--- Data excerpts Enclosed Below ---

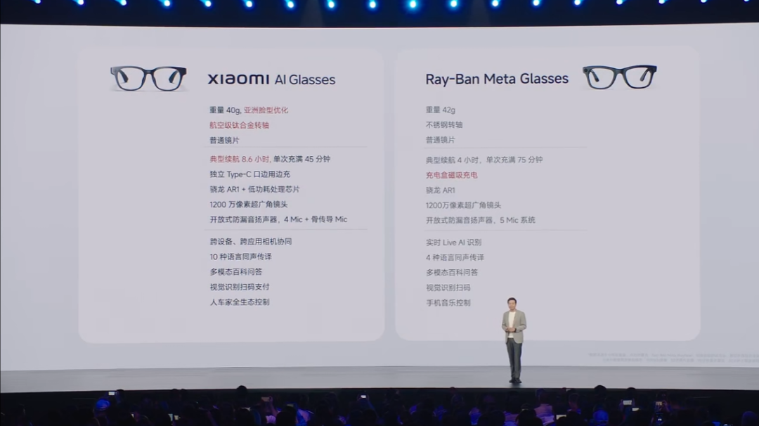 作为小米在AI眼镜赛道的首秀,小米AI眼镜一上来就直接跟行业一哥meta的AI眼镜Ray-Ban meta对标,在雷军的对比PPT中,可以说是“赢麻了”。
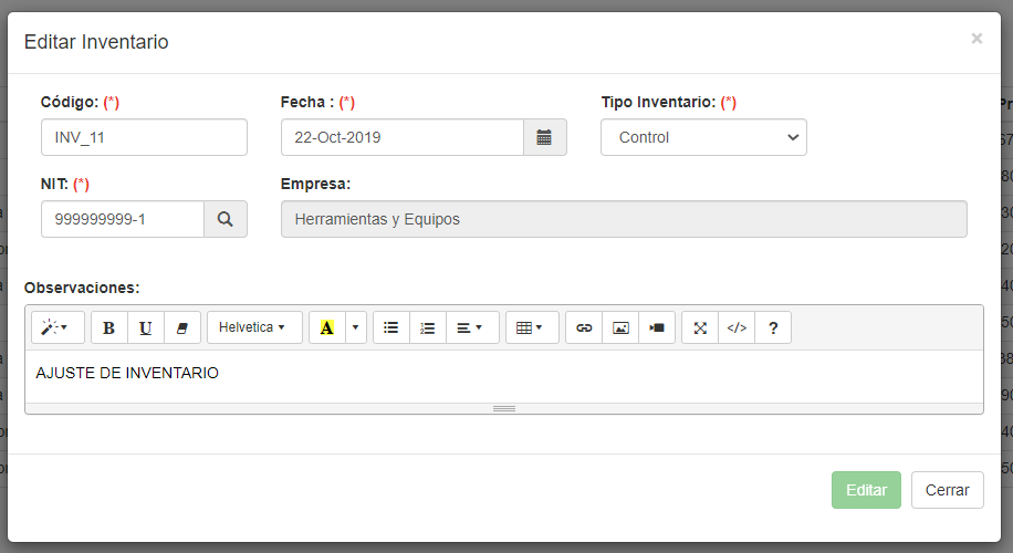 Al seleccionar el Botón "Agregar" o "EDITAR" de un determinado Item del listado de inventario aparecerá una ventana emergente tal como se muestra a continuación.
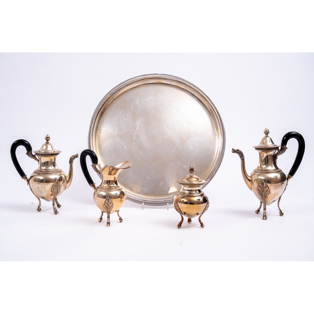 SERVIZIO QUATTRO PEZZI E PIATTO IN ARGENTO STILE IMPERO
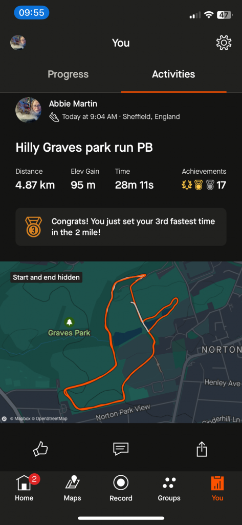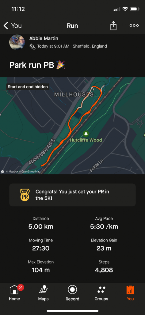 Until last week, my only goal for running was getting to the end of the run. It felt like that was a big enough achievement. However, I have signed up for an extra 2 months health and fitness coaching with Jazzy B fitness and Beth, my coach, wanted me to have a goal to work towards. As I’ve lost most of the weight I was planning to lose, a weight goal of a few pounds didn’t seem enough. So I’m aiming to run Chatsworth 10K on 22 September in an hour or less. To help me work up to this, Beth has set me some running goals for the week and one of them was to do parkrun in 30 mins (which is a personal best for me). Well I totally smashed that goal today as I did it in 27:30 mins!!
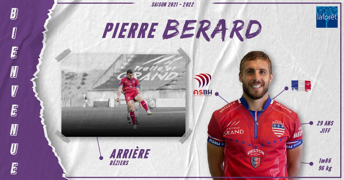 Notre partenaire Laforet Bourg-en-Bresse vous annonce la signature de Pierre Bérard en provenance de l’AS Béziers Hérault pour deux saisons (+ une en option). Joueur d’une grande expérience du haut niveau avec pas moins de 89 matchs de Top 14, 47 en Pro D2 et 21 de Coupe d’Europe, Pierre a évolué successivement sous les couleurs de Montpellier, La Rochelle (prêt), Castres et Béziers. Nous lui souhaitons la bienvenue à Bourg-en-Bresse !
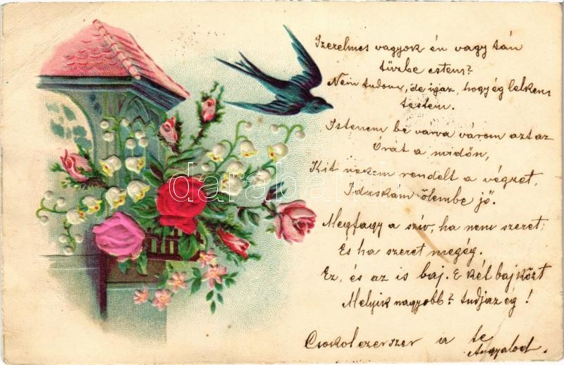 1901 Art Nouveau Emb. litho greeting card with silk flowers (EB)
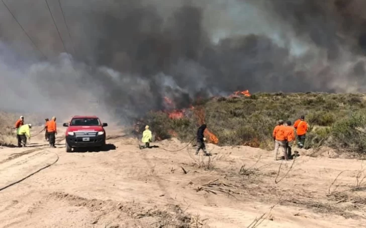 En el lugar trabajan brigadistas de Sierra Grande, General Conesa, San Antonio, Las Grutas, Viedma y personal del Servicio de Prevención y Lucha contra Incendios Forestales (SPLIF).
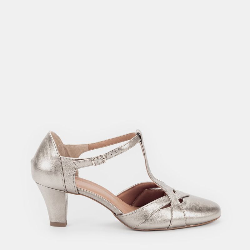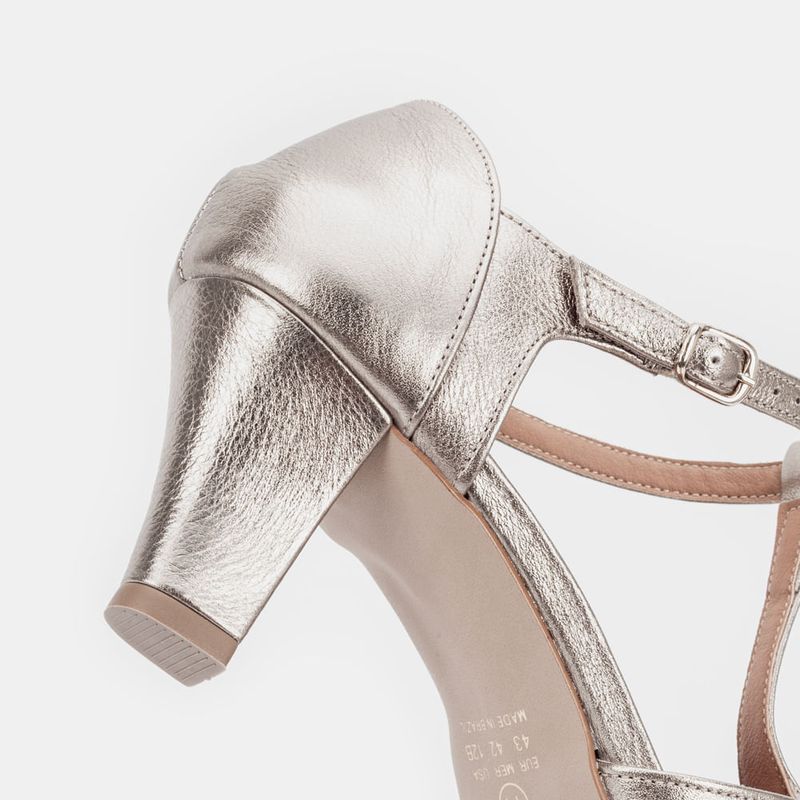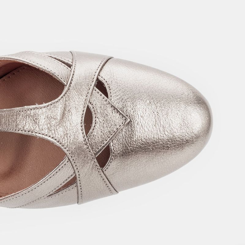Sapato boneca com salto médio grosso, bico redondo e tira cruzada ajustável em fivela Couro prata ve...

--- End of Enclosed Data excerpts ---
--- Data excerpts Enclosed Below ---

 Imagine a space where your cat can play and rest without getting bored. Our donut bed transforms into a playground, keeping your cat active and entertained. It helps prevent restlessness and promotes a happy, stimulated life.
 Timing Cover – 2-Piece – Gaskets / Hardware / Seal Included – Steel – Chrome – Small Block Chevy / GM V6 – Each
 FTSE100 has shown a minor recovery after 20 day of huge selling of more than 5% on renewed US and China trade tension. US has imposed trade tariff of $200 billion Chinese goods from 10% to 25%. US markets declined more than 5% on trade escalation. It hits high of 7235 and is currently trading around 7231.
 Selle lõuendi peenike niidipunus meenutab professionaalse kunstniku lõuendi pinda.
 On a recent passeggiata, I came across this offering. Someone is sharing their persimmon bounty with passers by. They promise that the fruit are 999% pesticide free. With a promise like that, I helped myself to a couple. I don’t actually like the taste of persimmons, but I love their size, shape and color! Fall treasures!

--- End of Enclosed Data excerpts ---

• [Problem description] Above are the records. Copy the lines beginning at the one that has "Timing Cover –" and ending with the one that has "On a recent", unchanged.

• [Written answer]
 Timing Cover – 2-Piece – Gaskets / Hardware / Seal Included – Steel – Chrome – Small Block Chevy / GM V6 – Each
 FTSE100 has shown a minor recovery after 20 day of huge selling of more than 5% on renewed US and China trade tension. US has imposed trade tariff of $200 billion Chinese goods from 10% to 25%. US markets declined more than 5% on trade escalation. It hits high of 7235 and is currently trading around 7231.
 Selle lõuendi peenike niidipunus meenutab professionaalse kunstniku lõuendi pinda.
 On a recent passeggiata, I came across this offering. Someone is sharing their persimmon bounty with passers by. They promise that the fruit are 999% pesticide free. With a promise like that, I helped myself to a couple. I don’t actually like the taste of persimmons, but I love their size, shape and color! Fall treasures!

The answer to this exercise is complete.